Thursday, August 16, 2012

A home burial

 I don’t remember exactly how my parents and I first became interested in the idea of a “home” burial.  It was probably the combination of becoming aware of how environmentally destructive and expensive a “conventional” burial is, as well as my dad being diagnosed with Parkinson’s disease. We began researching this unfamiliar and intriguing topic both online and through local officials. We found that every state, county, and town has its own laws regarding home burial and in some places it is prohibited.

According to Texas law:  “A family can bury its dead without using a licensed funeral director. A statement of death and a death certificate are legally required. Generally, local ordinances or deed restrictions prohibit private burial within city limits. Check with the State Health Department and local zoning authorities for applicable laws.”
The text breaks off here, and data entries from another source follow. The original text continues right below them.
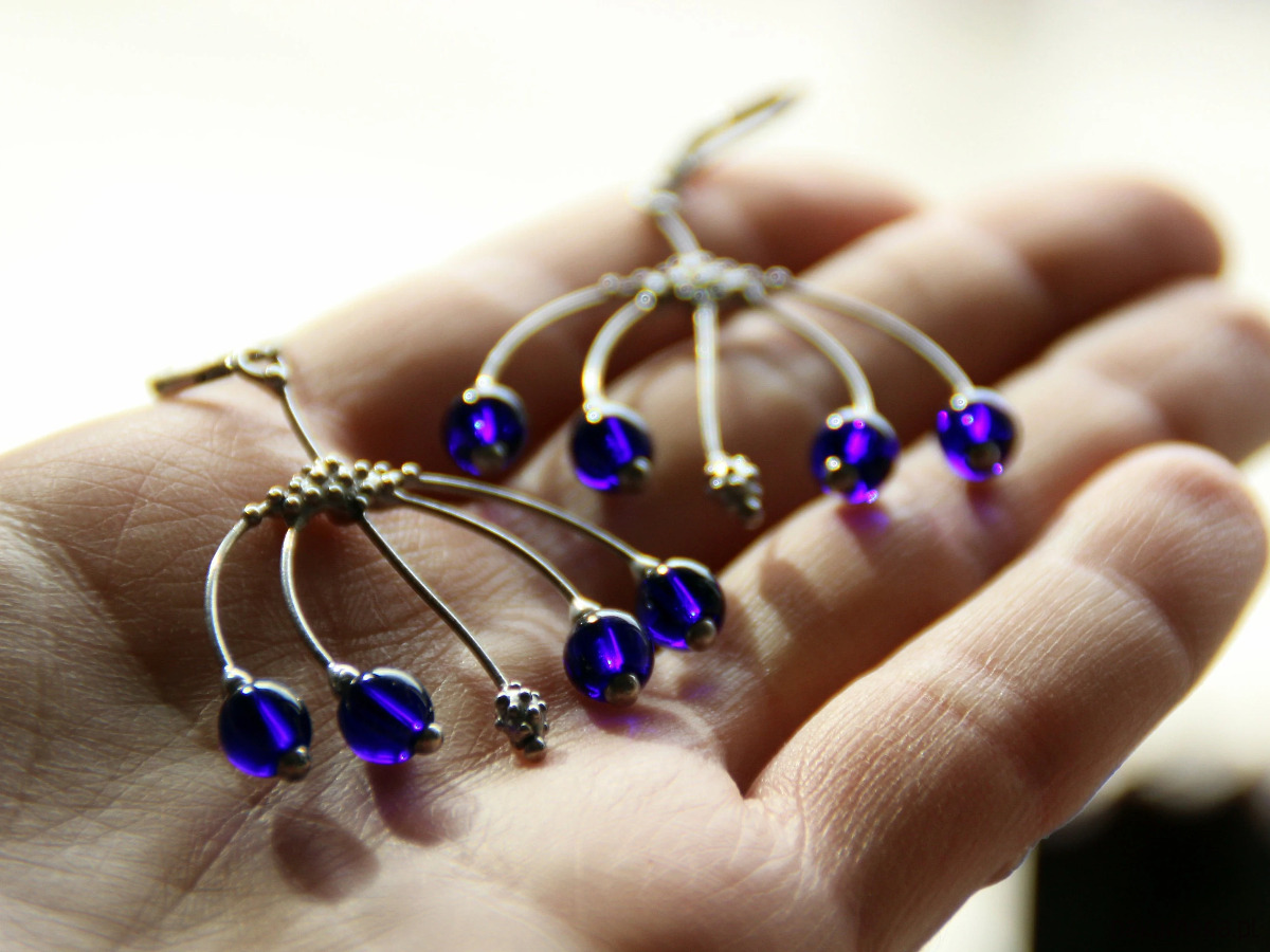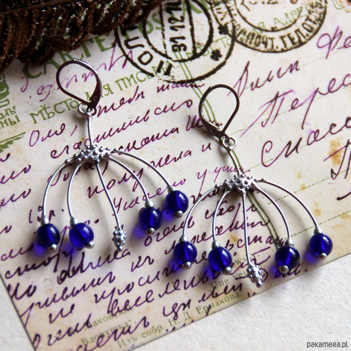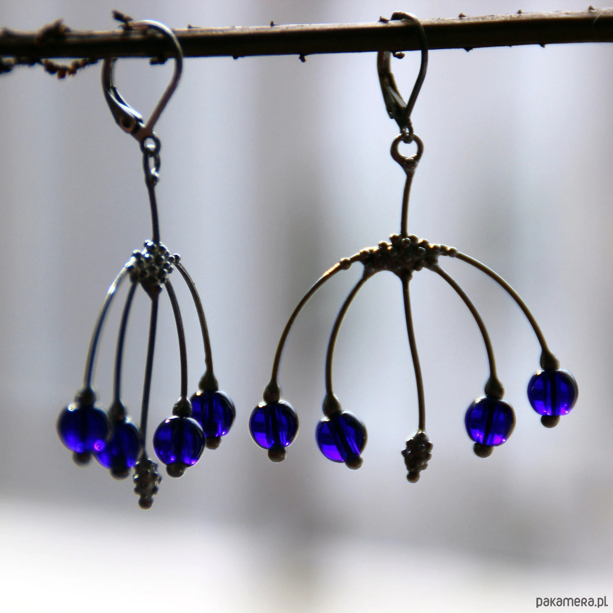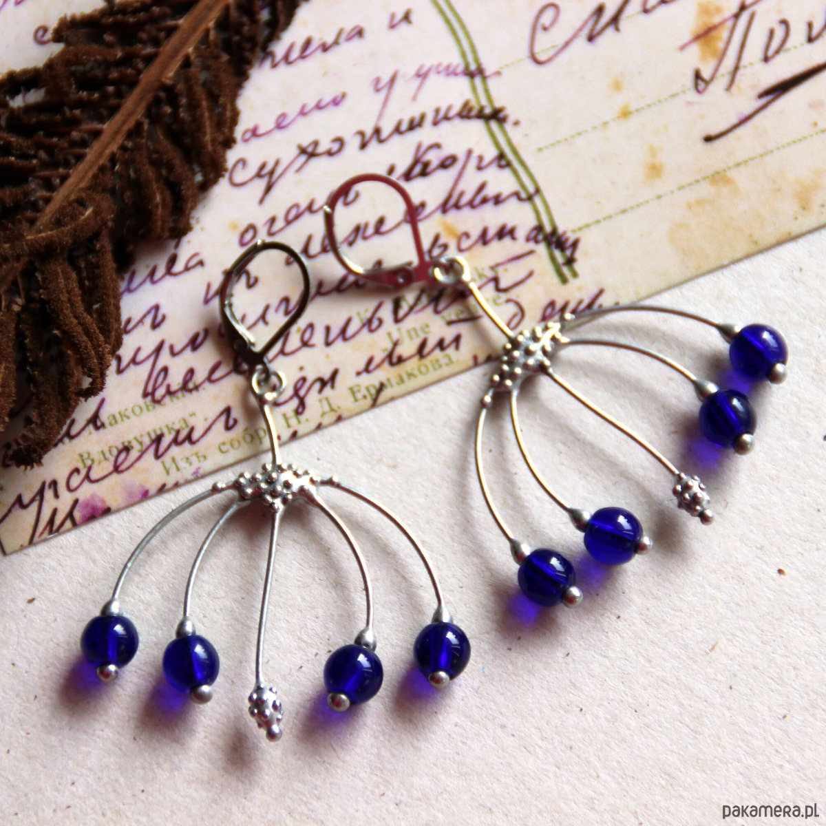 Te ręcznie wykonane, niezwykłe kolczyki w stylu boho z niebieskim szkłem, wykonane z miedzi, cyny, stali i niebieskiego szkła. Są lekkie i solidne. Wszystkie elementy są wykonane ręcznie, co zapewnia indywidualność każdego produktu wytworzonego w warsztacie Yadovito. Stop cyny i miedzi jest polerowany za pomocą roztworu wykończeniowego, aby nadać biżuterii szlachetny wygląd, a jednocześnie zapobiec utlenianiu się metalu. W kolczykach wykorzystano szkło stopione w specjalnym piecu. Po stopieniu szkło nabiera niemal unikalnego kształtu i niesamowitych odcieni kolorów, które mienią się w świetle. Rozmiar około 3,5 cm/4 cm. Kolor srebrny/niebieski.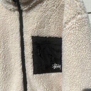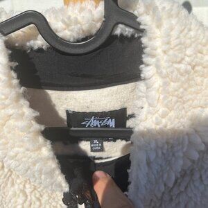 Rare Stussy Venus Jacquard Sherpa Jacket. Features a black jacquard-style outline of Venus on the back, integrated into the sherpa fabric. Zipper pocket on the chest with the embroidered Stussy logo. Zip-up with cozy stand collar.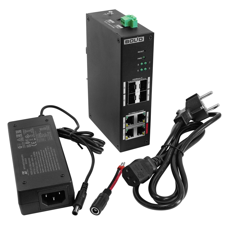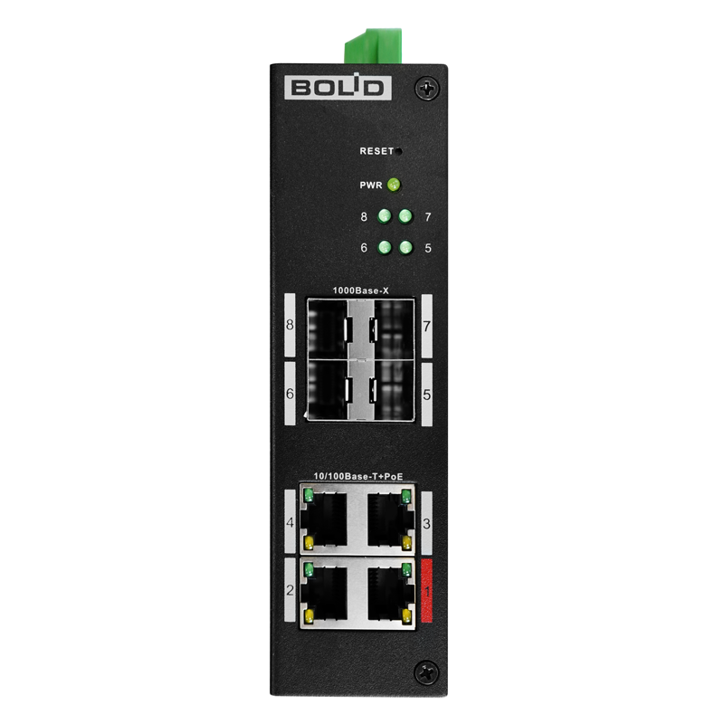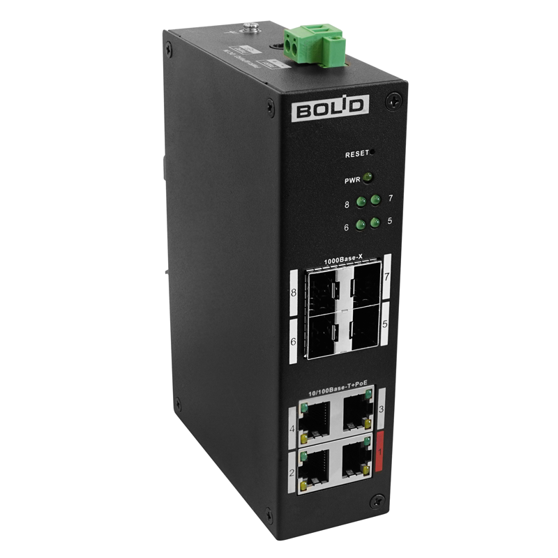 • 4 порта SFP 1000 Мбит/с, 4 порта RJ-45 10/100 Мбит/с (PoE)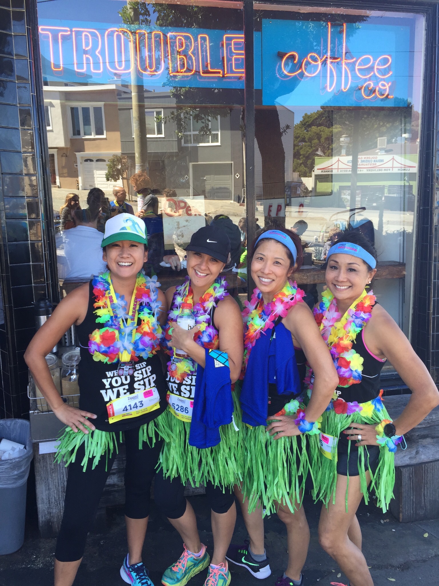 Wendy won a Geico t-shirt at this booth! There were many other booths hawking wares from clothing to fitness accessories to teeth whiteners to snacks.Day of the race is here.  We got ready for the race and headed down to our corral.  There were over 40,000 participants in this race so the organizers stagger the start time for each group. As we waited, we got hit by flying tortillas as we stood in line. I did not know about this crazy tradition but went with the flow and did some throwing of tortillas myself. Tortillas go pretty far if you throw them well. Sounds like a fun party game!We didn’t have to go into the sobriety tent but took a pic in front of it anyway with our non-sobriety tank tops. #WhenISipYouSipWeSipimg_3333We made it to mile 7 and we are still smiling. I was so happy to see this sign and know that we had less than one more mile to go.  My buddies could have easily run another 10 miles. Not me–I was happy to see the finish line! We finished in the top half of all finishers!After the run, we met up with Wendy’s cousin who took us to Trouble Coffee Co. on Judah Street.  We got lattes, a coconut drink, and one-inch thick toast slathered with peanut butter and honey. I heard that there is an interesting background about how the shop started, but I couldn’t find documentation about their background.  I couldn’t find a website and their FB page wasn’t updated. Based on the crowd I saw at the shop that day, they don’t need any advertising. They have a loyal following.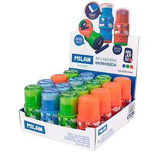 MILAN - Sacapuntas/Afilalapices DOBLE EXTENSIÓN DEPÓSITO EXTENSIBLE 3 COLORES EXPOSITOR -12U- (Ref.20162212)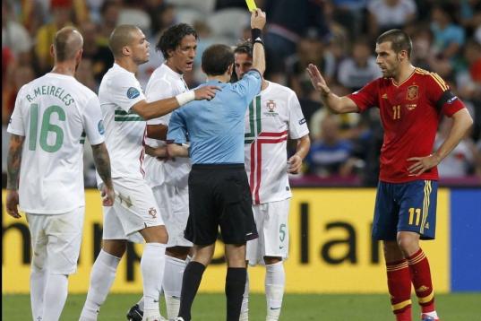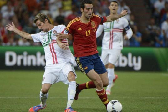 No fue un partido cómodo para España, castigada por el cansancio físico y la falta de ideas ante un rival que exigió mucho de inicio. Los portugueses adelantaron sus líneas para agobiar a los mediocentros españoles y no permitir una salida clara del balón. Algo debió de intuir Del Bosque, que alineó a Negredo en punta, temeroso del potencial luso en el juego aéreo y con la intención de buscar balones en largo.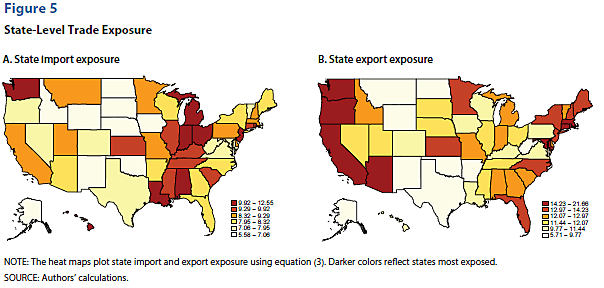 Second, the U.S. industries that export more intermediate goods to the world (and are thus “exposed” to potential retaliation by foreign governments) are (i) Other transport equipment; (ii) Computer, electronic, and optical; (iii) Machinery and equipment; (iv) Electrical equipment; and (v) Chemicals and pharmaceuticals. The states specializing in these products (and are thus “exposed” too) are (i) Washington; (ii) Connecticut; (iii) Massachusetts; (iv) Arizona; (v) Rhode Island; (vi) Oregon; and (vii) California. Arizona’s exposure, the authors note, comes from specializing in computers and electronics, as well “other transport equipment.”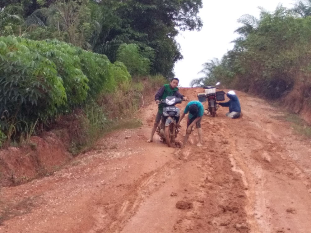 Dia menjelaskan, akses jalan menuju desa tersebut kondisinya sangat parah jika terjadi hujan.  Bahkan jalan satu-satunya untuk menuju akses ke dalam desa sering pula dilalui oleh mobil karyawan sawit. Namun tak kunjung ada perbaikan yang dilakukan pihak perusahaan sawit.”kalau kondisi kering jalan kami berdebu, itulah yang kami alami warga didesa kami,”keluhnya.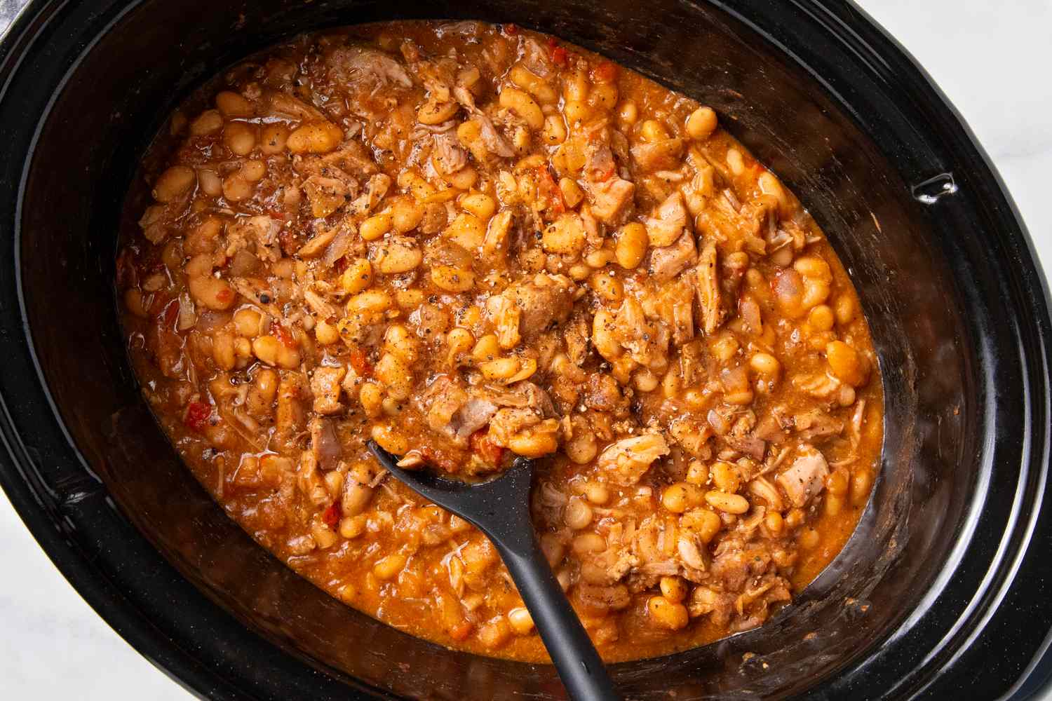 To remedy this, I soak my beans overnight and cook them in a slow cooker without the acidic ingredients. Once the beans are tender, I remove most of the cooking liquid. Then I add barbecue sauce and simmer the beans on high to help the ingredients meld together.

It was quite tricky finding out the information we needed, but we were not in a hurry and at first it was just an exercise in possibilities. Roughly speaking we needed a piece of land outside of town, the top of the container buried had to be two feet from the surface of the ground, and we had to do the burying within twenty four hours of death. To obtain a death certificate in advance we had to go to the local funeral home which was very reluctant to give us one. The determination of death must be made by a coroner, Justice of the Peace, or attending physician. Having the blank death certificate in advance would allow us to be prepared.

Years later my dad contracted pneumonia, the Parkinson’s having severely weakened him, and he passed away in a hospital. At that moment we decided to go through with a home burial.

After the doctor signed the death certificate we were free to take the body which we placed in our van. The head nurse told us that throughout her 30 years working at the hospital, we were only the second to remove a body independently, the other was returned to Mexico. It was late in the day when we drove to our property. We spent the night then woke up early and started digging. My brother and brother in law joined in and it took us most of the day using a digging bar and shovels, praying for the ground to be free of large rocks, and grateful it was quite cold. Not long before the twenty four hour mark we placed the blanket wrapped body in the deep hole with several special items picked out by family members - a  harmonica, stones, and notes. We then replaced the dirt and topped the grave with rocks. Later that day we had a short service before it started to snow, the first and only time that winter.

In hindsight we were very lucky everything worked out the way it did. We didn't have to hunt down the Justice of the Peace on a weekend, we were not pulled over on our way (we had the necessary papers), and no big rocks were in our way.  What ultimately made it all possible was making the arrangements in advance, and having a supportive and unconventional family.